Clinicians and patients using different laboratories require information about derivation of reference ranges, which will now be included in the standards for laboratory accreditation in the UK. Definition of population reference ranges for both serum and red cell folate have been difficult to achieve due to changing diet and food supplementation and assay variability. Elevated levels of homocysteine have been found in elderly subjects,^45,⁴⁶ indicating possible subclinical folate deficiency in the elderly. Folate reference ranges provided by kit manufacturers also show large inter-method differences. In the USA, some authors have advocated cessation of folate testing since, following dietary supplementation of flour, folate deficiency is very unusual. The causes of clinical deficiency and supportive information or diagnostic tests are shown in Table 10.6 and the interactions between cobalamin and folate are shown in Table 10.7.

Table 10.6 The causes of folate deficiency

		Supportive information/diagnostic tests
Reduced intake
	Poor diet particularly alcoholics (wine and spirits because beer contains folate)	Dietary and alcohol history
	Elderly or students ‘tea and toast diet’
	Dietary fads
	Premature babies
	Unsupplemented parenteral nutrition
Malabsorption
	Coeliac disease (often with coexisting iron deficiency) Tropical sprue	Antiendomysial, antigliadin tests, antitissue transglutaminase
	Small bowel resection, malabsorption syndromes	Small bowel biopsy
Drug effects
	Sulphasalazine, methotrexate, trimethoprim-sulphamethoxazole, pyrimethamine, phenytoin, sodium valproate, oral contraceptives	Drug history
		Bone marrow aspiration
Hereditary hyperhomocysteinaemia
	Homozygotes for C677T MTHFR have lower folate levels
Increased folate turnover
	Pregnancy: progressive fall in 3rd trimester
	Increased requirements for breastfeeding
	Skin disease – severe psoriasis or exfoliation
	Haemodialysis
	Haemolysis: haemoglobinopathy, paroxysmal nocturnal haemoglobinuria, autoimmune haemolytic anaemia (see Chapters 11–13)
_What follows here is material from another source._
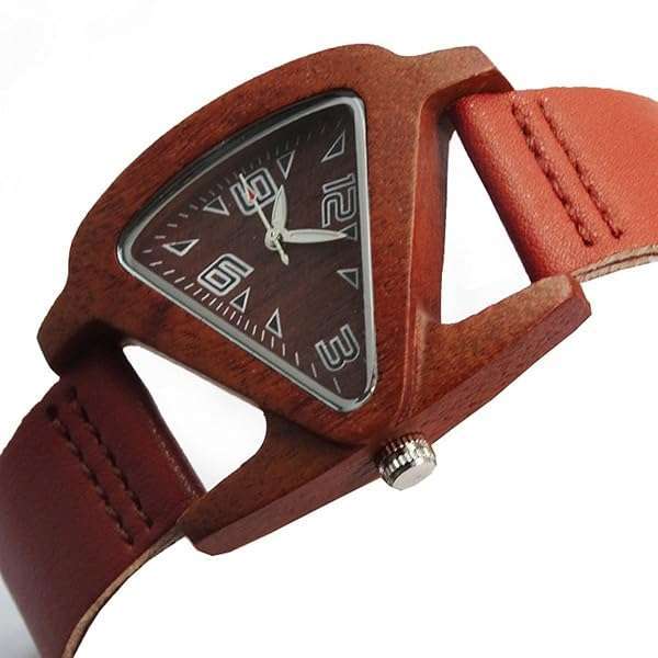 - HJIAN Wood Watches Triangle Red Wooden Watches with Leather Band Quartz Wrist Watch Bracelet for Women provides reliable performance and quality- Wooden Watches Red Band : Case was made from natural sandalwood,exquisite triangular dial, watcn band was made from genuine leather is very comfortable to wear, non allergenic, and provides you wit...
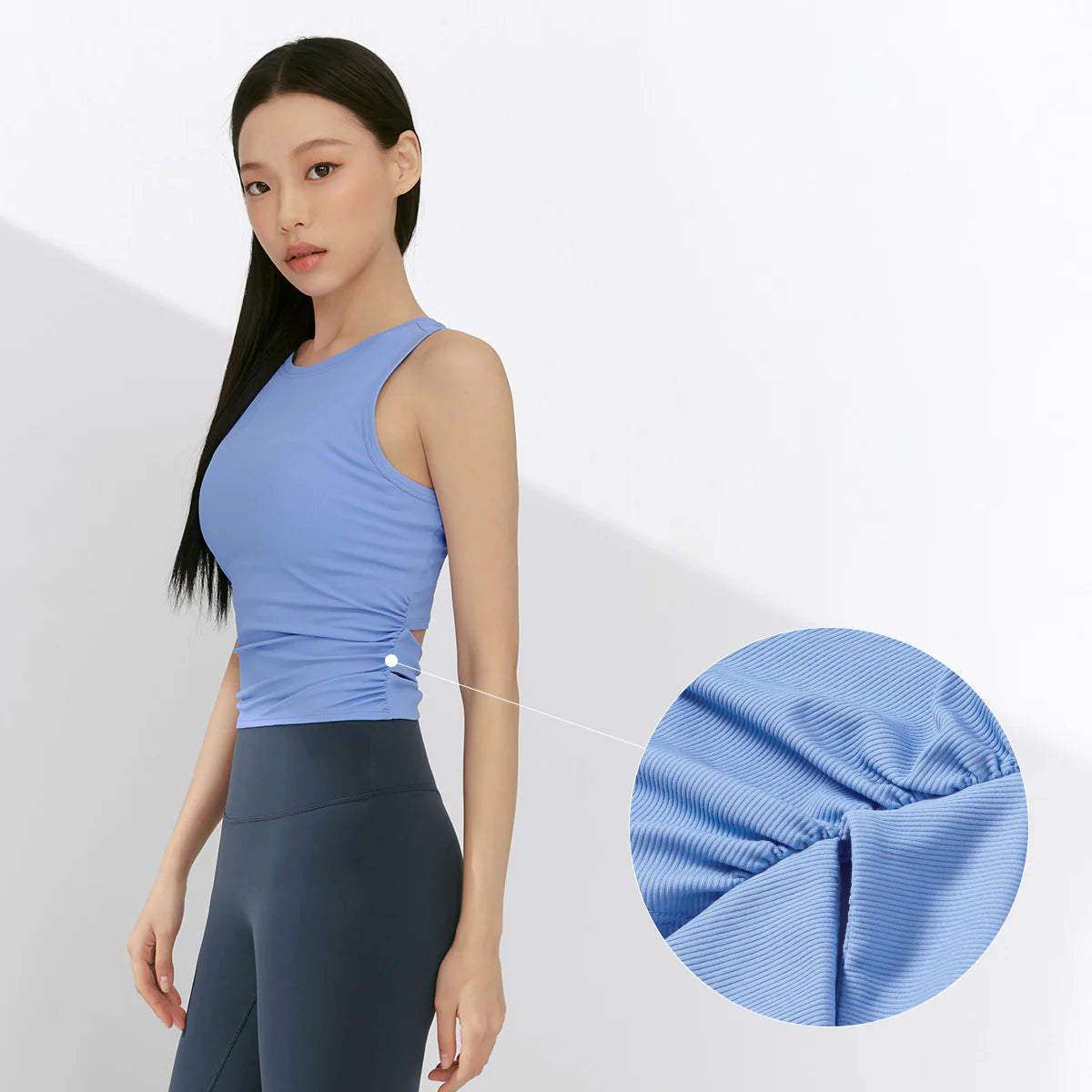 Shirring details on both sides help conceal bulges and create a slimming effect on the waistline.

Table 10.7 Interaction between serum cobalamin, serum folate, red cell folate, plasma homocysteine, serum methylmalonic acid, urinary methylmalonic acid and holotranscobalamin

Standards, Accuracy and Precision of Cobalamin and Folate Assays

There are currently no internationally recognized reference methods for serum cobalamin measurement, but isotope dilution liquid chromatography tandem mass spectrometric methods have recently been accepted as international reference methods for the quantification of folate species in serum.^43,⁴⁴ As a result, international reference materials have been developed (by the World Health Organization, WHO 03/178, and by the National Institute of Standards and Technology, NIST SRM), with values assigned for folate species by the tandem mass spectrometric methods.⁴⁷ Although reference methods have not been verified for the whole blood matrix as yet, there is a WHO whole blood international standard (95/528) with consensus values for total folate.⁴⁸

Evaluation of commercial automated binding assays by recovery experiments has shown under-recovery of added 5-methyl THF and over-recovery of pteroylglutamic acid (PGA),⁴⁹ whereas a suitably calibrated microbiological assay recovers closer to 100%.⁵⁰ Differential sensitivity of assays to pteroylglutamic acid and genetic variability in the proportion of in vivo formyl folates may be a factor in inter-method variability.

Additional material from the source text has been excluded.